Harold Minky's site has a diagram for cutting a 4x8 to fit into a corner and a layout plan to fit. Ends up around 9ft.plus in length if you remove part of the outer 'point'.
Eric UK
On open-grid benchwork:
About the most convenient configuration would be that based on a 2'X4' module. I make mine from 4" clear pine; although a lot of people use whitewood, or birch plywood. The inner framework is comprised of 22-1/2 inch long by 4 inch material. For this, use a solid type wood, rather than any plywood. Screw everything together, making sure that everything is absolutely square to the nines!! Now install any provisions for leg securements, such as pockets, braces, clamps, etc.
This having been done, two things become apparent: First, you will be compatible with other mediums like foam, etc that normally comes in two foot widths; and second, that you can work on this module anywhere-your shop, layout room, or the kitchen...
As you build that first frame, give some thought about any standardization you may want; such as pre-drilled wireways, turnout locations (if you are using a machine like a Tortoise@), you will NOT want your turnout on top of a crossmember), mortising out the hole for your DCC handheld, etc. connections, if you so choose; etc.
Now is also a good time to paint/finish the front, if you desire. There aren't too many more aggravating things than trying to paint into every corner, nook and cranny of a module that is on legs and part of the layout-and it is a good idea to at least seal the underside with shellac or some other sealer to prevent humidity from "working" the wood. Use a sprayer if you can.
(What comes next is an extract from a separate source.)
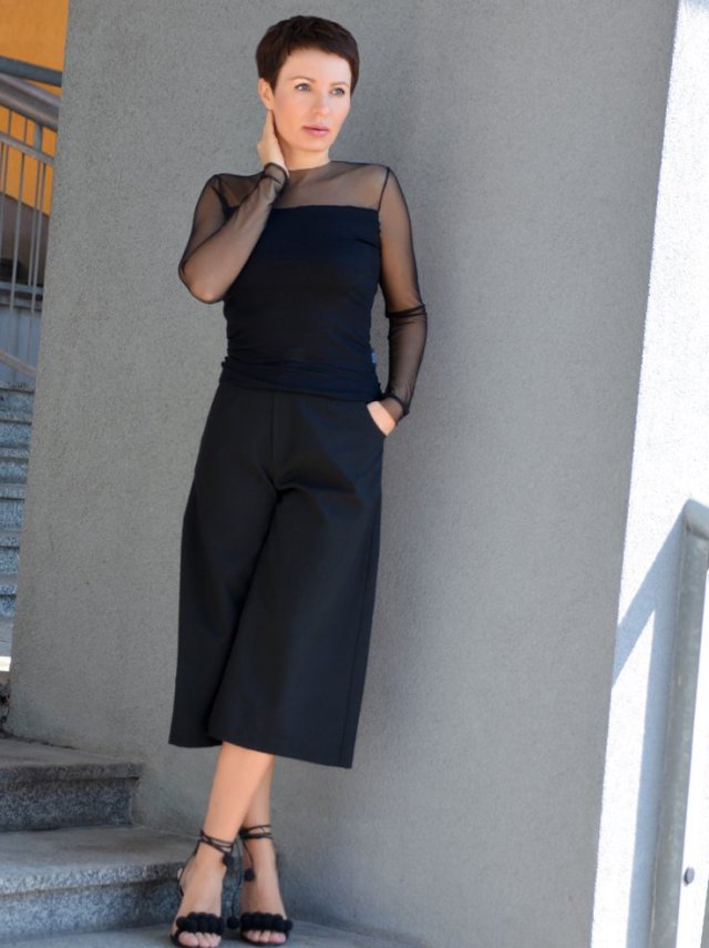 Czarna mgiełka delikatna bluzka z długim rękawem wykonana z wysokogatunkowej wiskozy oraz miękkiego tiulu cięta na surowo

If you are using the 1/2 inch ply and Homasote standard, do yourself a favour: use contact cement between the pieces. First, seal the plywood and the homasote, let dry. Next, use contact cement that is normally used on counter laminates, such as "Weldwood"@. Do yourself a favour if you go this route: Do it outside if at all possible, and don't smoke...
When you attach the top to the frame, use glue AND screws-do NOT use nails. While doing this part, do ensure that the frame does stay square-keep a framing square on hand.